The last feature of filters are aliases, if you plan on using a gene/facs/attribute name many times in a filter you can give it a nickname by typing
alias:alias_name = type:real_name
where alias_name is the nickname you want to assign the gene/facs/attribute, type is one of gene or facs or attr and real_name is the real name of the gene/facs/attribute. For example
alias:hp = attr:celltype@Haematoendothelial.progenitors means you only have to type hp whenever you want to refer to attr:celltype@Haematoendothelial.progenitors.
This feature makes the filters

attr:celltype@Haematoendothelial.progenitors yes && gene:gata1 > 5% || attr:celltype@Haematoendothelial.progenitors no && gene:gata1 > 1%

Note: this is all on one line, but most browsers might display it on several due to the length.

and

alias:hp = attr:celltype@Haematoendothelial.progenitors
alias:g = gene:gata1
hp yes && g > 5% || hp no && g > 1%

equivalent.
Note that aliases must be written before the line that describes the rules of the filter. You can have as many aliases as you like. You do not have to assign aliases to all your included genes/facs/attributes, it is completely optional.

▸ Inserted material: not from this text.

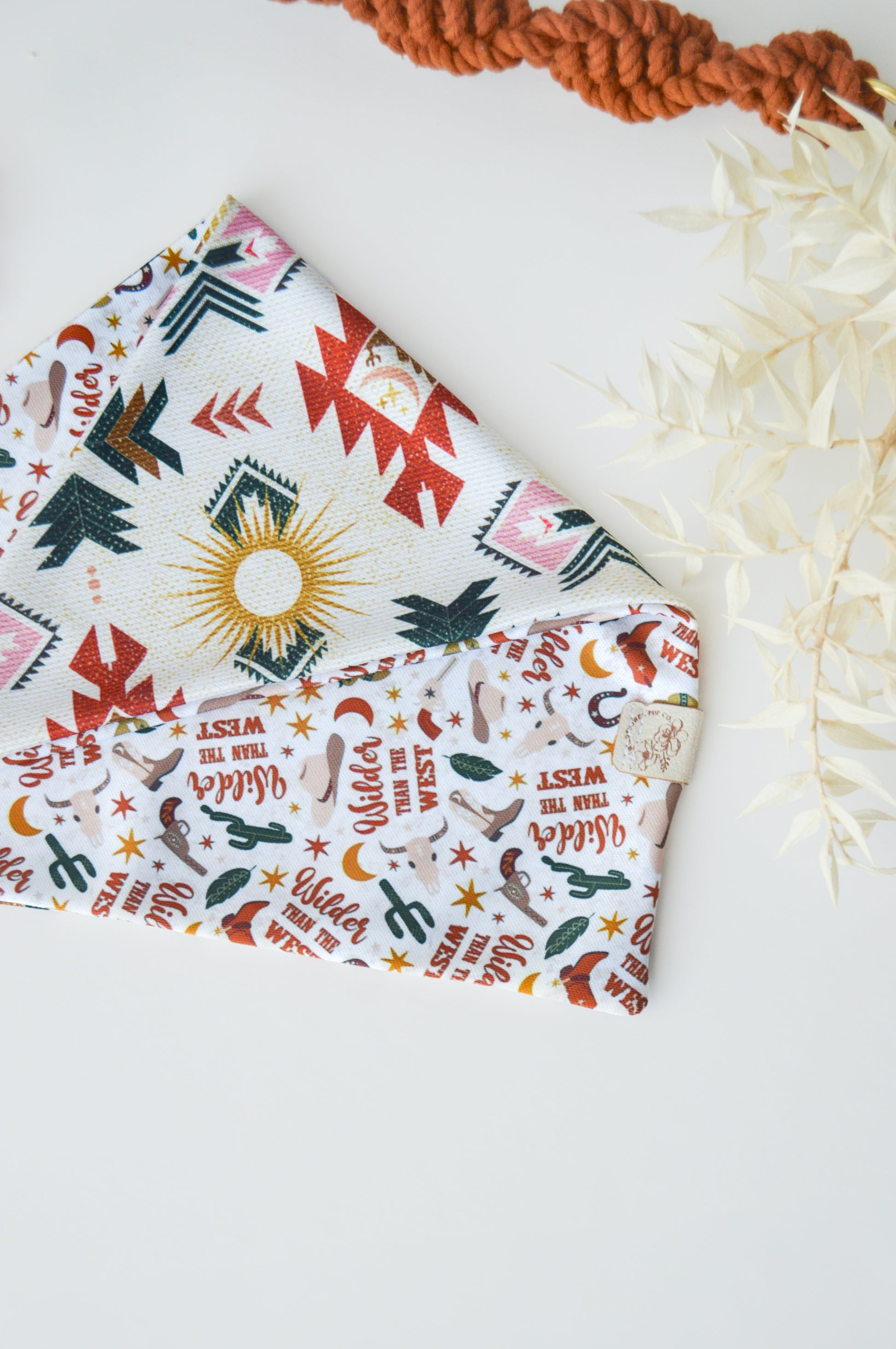 Wildflower Pup Co. bandanas feature a single snap closure allowing for easy removal but sustaining your pup's everyday adventures! Due to the hand made nature of our products, expect some variability in sizing and placement of patterns.

Some additional notes on filters

  • The filters' names in the menu are their file names, so name your filters informatively. Or don't, I'm a manual not a police officer.
  • You do not need to type in all lowercase like I did in the filter files, all upercase is fine as well, or any combination of the two. Gene names and such are never case sensitive.
  • You may have any number of filters and a filter may include any number of expressions.
  • Filters that are not parsed properly by CellexalVR will be written to the log (see the logging section for more information).
  • Filters that are edited when CellexalVR is running will be updated when the filter file is saved and the changes will take effect immediately. This will not affect cells that you have previously selected with that filter, only new ones that you select after the change is made. There is no need to restart the program.
  • Decimals signs should be written with a period . and not a comma ,.
  • Names of genes, facs, attributes and aliases may contain any characters except the following: & | ^ ! . ( ) = : %. Names must also not include any whitespace of any kind or linebreaks.
  • You do not need to put spaces around operators like I did in the examples, except before the yes and no operators. However, I encourage you do so as it makes writing and reading filters easier.
  • Comments can be written in the filter files by starting a line with a number sign #.
  • Only a maximum of one filter may be active at any time. Activating another will disable your previous filter.
  • Defining a filter with many genes may use up a lot of memory and may perform slow.